Chaos yang menyenangkan ini sering kali bikin yang berpuasa malah jadi getir karena kehabisan takjil. Yang berpuasa orang Islam, tapi yang berpesta takjil justru orang Kristen. Di sebuah postingan media sosial, seorang teman Muslim sampai-sampai menuliskan status agar warga Kristiani Kota Manado jangan terlalu semangat berburu takjil. Dia meminta agar yang berpuasa diberi kesempatan terlebih dahulu, setelah itu sisanya bisa disikat tuntas.

Pasar Ramadhan di Manado memang berwarna, tak bertumpu pada gorengan standar dengan tepung lebih tebal dari isinya. Yang disajikan di lapak memang menggoda. Ada Balapis Manado yang teksturnya kenyal-kenyal gemoy dengan rasa santan yang kuat serta rasa cokelat yang elegan. Kuenya jika dimakan selapis demi selapis akan terasa lebih eksotis.

Ada juga Lampu-Lampu, bukan kue terang-benderang melainkan terbuat dari adonan beras yang diletakkan dalam takir daun pandan. Di bagian bawahnya berupa gula aren cair. Kue ini jika disendok lalu dimasukkan ke mulut, lelehan gulanya seperti lumer menebar rasa manis penuh di rongga mulut. Paduan dengan aroma pandannya yang kuat membuat siapa pun yang menyantap tak bakal puas hanya menikmati sebiji.

Belum lagi Lalampanya yang beda dengan lemper Jawa. Di Jawa, lemper cenderung kalem karena berisi abon entah ayam atau sapi. Lalampa Manado lebih meledak karena berisi sambal ikan cakalang atau roa yang dibumbui pedas. Karakternya makin kuat karena Lalampa bukan hanya dikukus tetapi juga dibakar. Aromanya mirip feromon yang tercium oleh pejantan yang berada ratusan meter jauhnya. Kalau mulut mulai kepedasan, masih ada Cucur dengan manis yang legit dari gula aren.

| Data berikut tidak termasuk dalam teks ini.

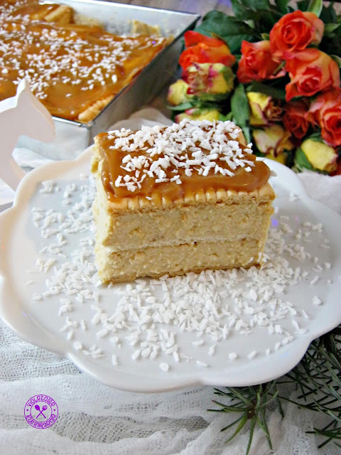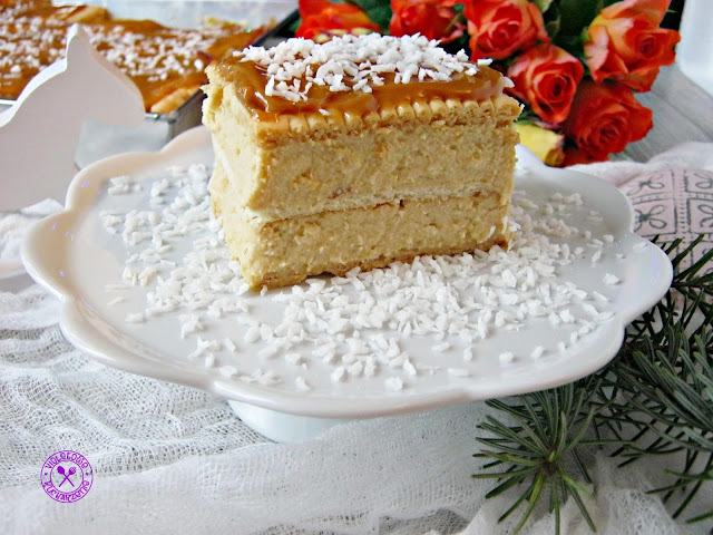 Foremkę wykładamy papierem do pieczenia. Na dnie wykładamy pierwszą warstwę herbatników, wylewamy połowę masy serowej, wygładzamy. Następnie wykładamy kolejną warstwę masy i kolejną warstwę herbatników. Na wierzchu rozsmarowujemy kajmak i rozsypujemy wiórki kokosowe. Odstawiamy do wystudzenia. Po ostygnięciu wstawiamy do lodówki.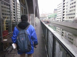 Dyna: 行く途中の「神田ふれあい橋」(人道橋)ですが、外国の方々が多いですね。どうやら神田川の対岸にインバウンド用?ホテルがあるようです。

Tak heran jika kemudian di bulan Ramadhan di Manado ada “War Takjil”; cepat-cepatan memburu takjil agar yang berpuasa tak kecele karena takjil favoritnya hanya menyisakan nampan kosong. Perang takjil terjadi karena di Pasar Ramadhan sering kedatangan orang kalap yang memborong ini-itu seolah-olah besok jualan takjil akan dilarang. Brutal tapi seru dan menyenangkan. Yang jualan juga tak bisa melarang, sebab membeli takjil tak perlu menunjukkan kartu anggota untuk membuktikan agamamu apa.

Pasar Ramadhan atau Pasar Takjil memang inklusif, tak ada larangan bagi siapa pun untuk datang membeli di sana. Yang tak berpuasa sekalipun boleh juga rajin mendatangi Pasar Ramadhan sebagai penghobi, hobi makan. Saking inklusifnya, di Pasar Ramadhan GOR Segiri Samarinda bahkan ada kios-kios yang menyajikan makanan siap santap di tempat. Di beberapa titik, dengan mudah akan disaksikan orang tengah bersantap meski waktu buka puasa masih jauh. Dan tak ada yang marah atau merasa terganggu dengan polah ini.

Selamat berpuasa untuk semua, selamat menikmati Pesta Kuliner di Festival Pasar Ramadhan.